REQUIREMENT: Below are the records; give again exactly the line with "Os painéis captam", the line with "4、成为配音主播后,用户就可", and each line that lies between them, and nothing besides.

DATASET RECORDS:
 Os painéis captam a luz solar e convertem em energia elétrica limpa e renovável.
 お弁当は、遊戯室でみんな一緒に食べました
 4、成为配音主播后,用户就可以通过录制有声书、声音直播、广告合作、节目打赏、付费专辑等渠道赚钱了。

...

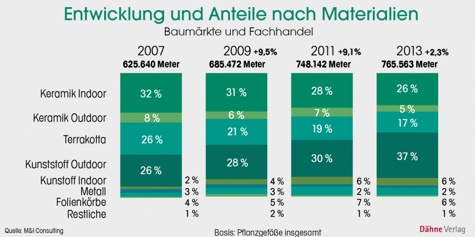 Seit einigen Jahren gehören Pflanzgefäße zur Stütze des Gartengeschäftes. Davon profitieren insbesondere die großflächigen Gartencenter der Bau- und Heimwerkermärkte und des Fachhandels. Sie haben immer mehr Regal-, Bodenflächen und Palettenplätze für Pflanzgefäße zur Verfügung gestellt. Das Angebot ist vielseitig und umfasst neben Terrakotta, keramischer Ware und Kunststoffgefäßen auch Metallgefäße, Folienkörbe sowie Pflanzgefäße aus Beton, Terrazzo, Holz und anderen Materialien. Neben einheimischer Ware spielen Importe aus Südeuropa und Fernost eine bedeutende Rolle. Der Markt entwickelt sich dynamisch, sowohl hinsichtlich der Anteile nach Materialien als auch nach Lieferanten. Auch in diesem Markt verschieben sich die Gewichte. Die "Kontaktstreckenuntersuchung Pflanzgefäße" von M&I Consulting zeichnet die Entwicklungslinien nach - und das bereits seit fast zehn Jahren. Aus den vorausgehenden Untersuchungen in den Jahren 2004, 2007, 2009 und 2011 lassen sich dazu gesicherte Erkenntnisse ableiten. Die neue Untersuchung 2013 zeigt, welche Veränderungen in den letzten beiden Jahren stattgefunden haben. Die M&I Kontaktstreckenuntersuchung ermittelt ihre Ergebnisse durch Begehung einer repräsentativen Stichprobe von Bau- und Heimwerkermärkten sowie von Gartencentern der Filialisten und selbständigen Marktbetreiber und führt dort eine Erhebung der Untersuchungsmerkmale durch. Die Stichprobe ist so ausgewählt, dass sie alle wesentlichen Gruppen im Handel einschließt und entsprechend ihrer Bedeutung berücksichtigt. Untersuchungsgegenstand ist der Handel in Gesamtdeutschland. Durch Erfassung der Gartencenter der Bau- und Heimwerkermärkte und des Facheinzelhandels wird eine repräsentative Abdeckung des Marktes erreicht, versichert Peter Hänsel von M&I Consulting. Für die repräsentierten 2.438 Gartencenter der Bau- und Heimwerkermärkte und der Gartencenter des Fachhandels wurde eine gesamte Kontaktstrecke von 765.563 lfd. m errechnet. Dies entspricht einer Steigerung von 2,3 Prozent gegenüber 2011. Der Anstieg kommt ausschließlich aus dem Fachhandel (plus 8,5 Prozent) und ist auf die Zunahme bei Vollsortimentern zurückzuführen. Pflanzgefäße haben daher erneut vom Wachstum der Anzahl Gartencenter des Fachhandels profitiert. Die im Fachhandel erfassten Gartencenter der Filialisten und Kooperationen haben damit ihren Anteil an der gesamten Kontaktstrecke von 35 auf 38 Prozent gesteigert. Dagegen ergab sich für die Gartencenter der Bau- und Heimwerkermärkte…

OUTPUT BELOW:
 Os painéis captam a luz solar e convertem em energia elétrica limpa e renovável.
 お弁当は、遊戯室でみんな一緒に食べました
 4、成为配音主播后,用户就可以通过录制有声书、声音直播、广告合作、节目打赏、付费专辑等渠道赚钱了。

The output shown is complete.